- Problem -
When a line in the records contains the string "which", copy that line.

- Given entries -

● ● ● ● ●

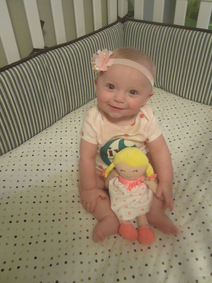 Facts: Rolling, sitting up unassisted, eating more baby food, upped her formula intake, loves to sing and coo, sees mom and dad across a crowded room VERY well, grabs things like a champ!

● ● ● ● ●

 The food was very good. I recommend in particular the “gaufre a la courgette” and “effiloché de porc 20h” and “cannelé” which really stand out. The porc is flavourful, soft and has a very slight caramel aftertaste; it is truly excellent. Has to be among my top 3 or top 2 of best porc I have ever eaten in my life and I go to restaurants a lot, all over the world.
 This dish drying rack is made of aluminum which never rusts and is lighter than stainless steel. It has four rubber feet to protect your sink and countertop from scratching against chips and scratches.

● ● ● ● ●

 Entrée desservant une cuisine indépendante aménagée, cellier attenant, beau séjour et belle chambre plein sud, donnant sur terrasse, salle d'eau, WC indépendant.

● ● ● ● ●

- Response for this exercise -
 The food was very good. I recommend in particular the “gaufre a la courgette” and “effiloché de porc 20h” and “cannelé” which really stand out. The porc is flavourful, soft and has a very slight caramel aftertaste; it is truly excellent. Has to be among my top 3 or top 2 of best porc I have ever eaten in my life and I go to restaurants a lot, all over the world.
 This dish drying rack is made of aluminum which never rusts and is lighter than stainless steel. It has four rubber feet to protect your sink and countertop from scratching against chips and scratches.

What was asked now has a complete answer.